Run
Cyoda runs on the tier that fits the job. Every packaging runs the same application and the same workflow semantics; what changes is durability, consistency guarantees, and operational cost. Pick your packaging by what you need to operate, not by what your app needs to do.
Pick your packaging
Section titled “Pick your packaging”| In-Memory | SQLite | PostgreSQL | Cassandra | |
|---|---|---|---|---|
| Desktop | ✓ | ✓ (default) | ||
| Docker | ✓ | ✓ | ✓ | |
| Kubernetes | ✓ (production) | |||
| Cyoda Cloud | ✓ |
When to pick what
Section titled “When to pick what”- Desktop — a single binary on a laptop or a small server. In-memory for tests; SQLite as the default durable store. Right for development, edge, IoT, and small-team self-hosting.
- Docker — the same binary containerised. Use it for bespoke integrations, composition with other services, local PostgreSQL runs, and CI pipelines.
- Kubernetes — the production packaging for self-hosted clusters. Active-active stateless cyoda-go pods behind a load balancer with PostgreSQL as the only stateful dependency. Helm chart ships from cyoda-go.
- Cyoda Cloud — a managed service backed by Cassandra. Right when you need enterprise-grade identity, multi-tenancy, and provisioning, and you do not want to operate the infrastructure.
Moving between tiers
Section titled “Moving between tiers”The application does not change when you move. That is the whole point of the growth path: start on Desktop, containerise when integration demands it, cluster when scale demands it, migrate to Cyoda Cloud when operating it no longer pays for itself.

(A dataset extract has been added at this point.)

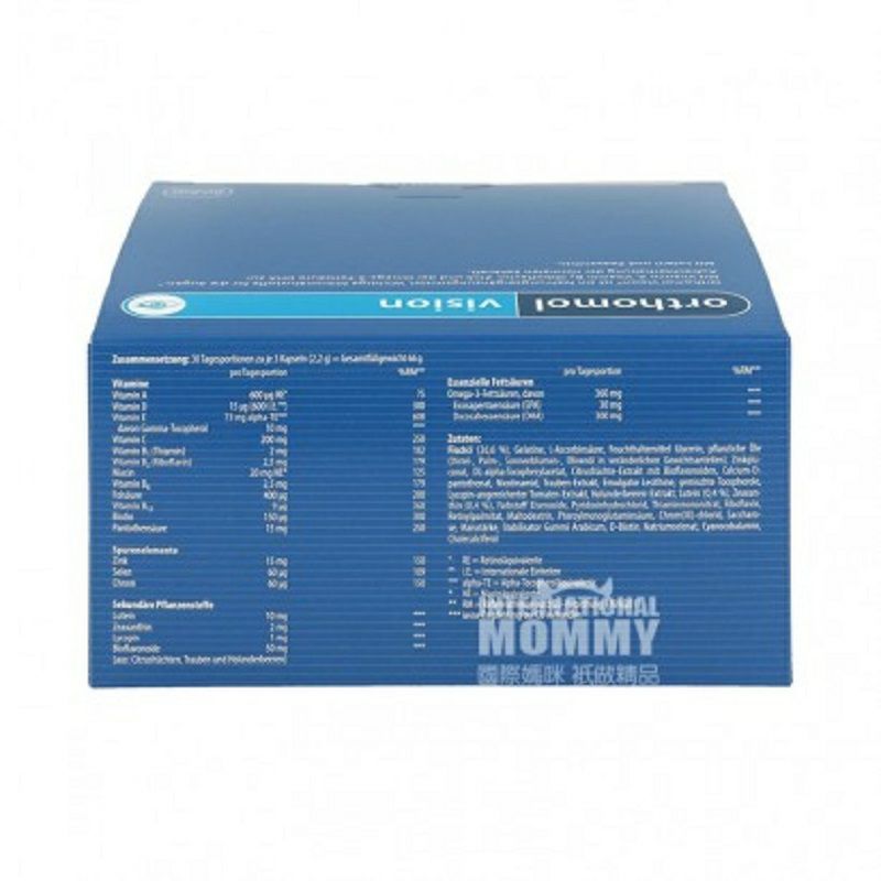 Parameters Applicable population: Adults Specification: capsule, 30 packs / box Main ingredients: fish oil, gelatin, L-ascorbic acid, glycerin, vegetable oil, zinc gluconate, DL - α - tocopherol acetate, bioflavonoids extracted from citrus fruits, calcium D, calcium pantothenate, nicotinamide, red grape extract and polyphenols, emulsifier, lecithin, mixed tocopherol, lycopene enriched tomato extract, elderberry extract and anthocyanins, yehuang 4%), zeaxanthin (0.2%), iron oxide pigment, pyridoxine hydrochloride, thiamine mononitrate, riboflavin, vitamin A palmitate, maltodextrin, chromium (III), sucrose chloride, corn starch, stabilizer gum Arabic, d-biotin, sodium selenate, cyanocobalamin, cholecalciferol. Usage: one bag a day, warm water after meals. matters needing attention: 1. This product should not exceed the recommended amount or be taken with the same kind of nutritional supplements at the same time; 2. Do not put it in the place that children can touch; 3. Please store in a dark, dry place with temperature no higher than 25 ℃; 4. This product is a dietary supplement and can't replace medicine; 5. Please take it under the guidance of your doctor. Pregnant women and children are not allowed to take it. Place of sale: Germany Brand: orthomol |

See Digital twins and the growth path for the decision framework.
License and editions
Section titled “License and editions”Cyoda ships in three editions. Pick by how you want to consume it; the application contract is the same across all three.

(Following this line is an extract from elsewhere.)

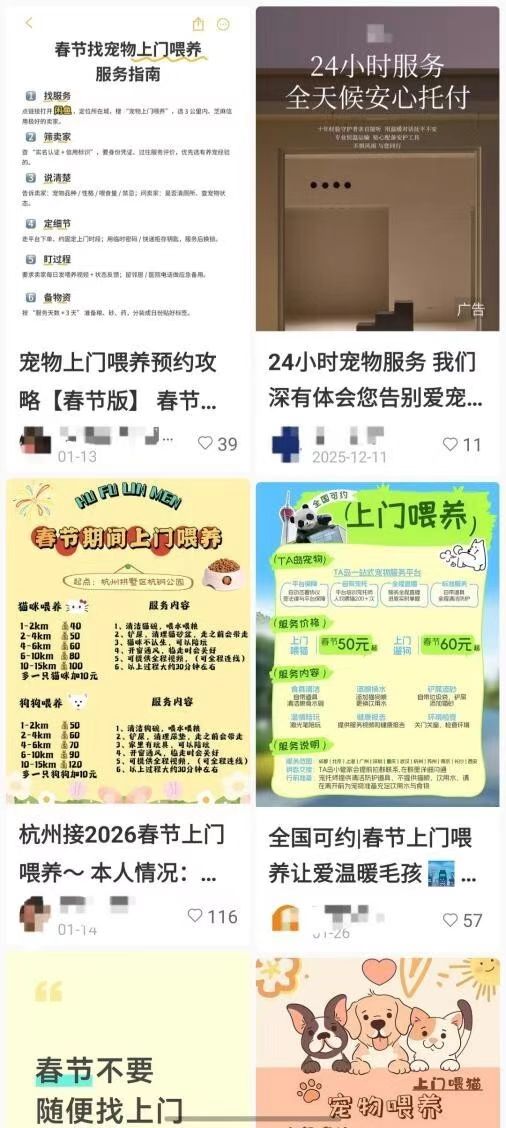 春节将至,社交媒体上有关春节宠物服务的话题持续升温。

| Edition | License | Storage tiers | Status |
|---|---|---|---|
| cyoda-go | Apache 2.0 (OSS) | In-memory, SQLite, PostgreSQL | Generally available |
| Cyoda Cloud | Commercial (hosted service) | Cassandra-backed | Beta — test/demo only; commercial SLAs planned |
| Enterprise | Commercial (self-hosted) | Cassandra-backed | Available — contact sales |
The cyoda-go binary — everything in Build and
Reference works against it — is Apache 2.0 and free to
use for development and production on the Desktop, Docker, and
Kubernetes packagings. The Cassandra-backed tier (horizontal scale
for write volume and distributed async search) ships two ways: as the
hosted Cyoda Cloud service, and as a self-hosted Enterprise
distribution under commercial license. Cyoda Cloud is currently a Beta
for test and demonstration; production workloads on the Cassandra tier
run under the Enterprise license today.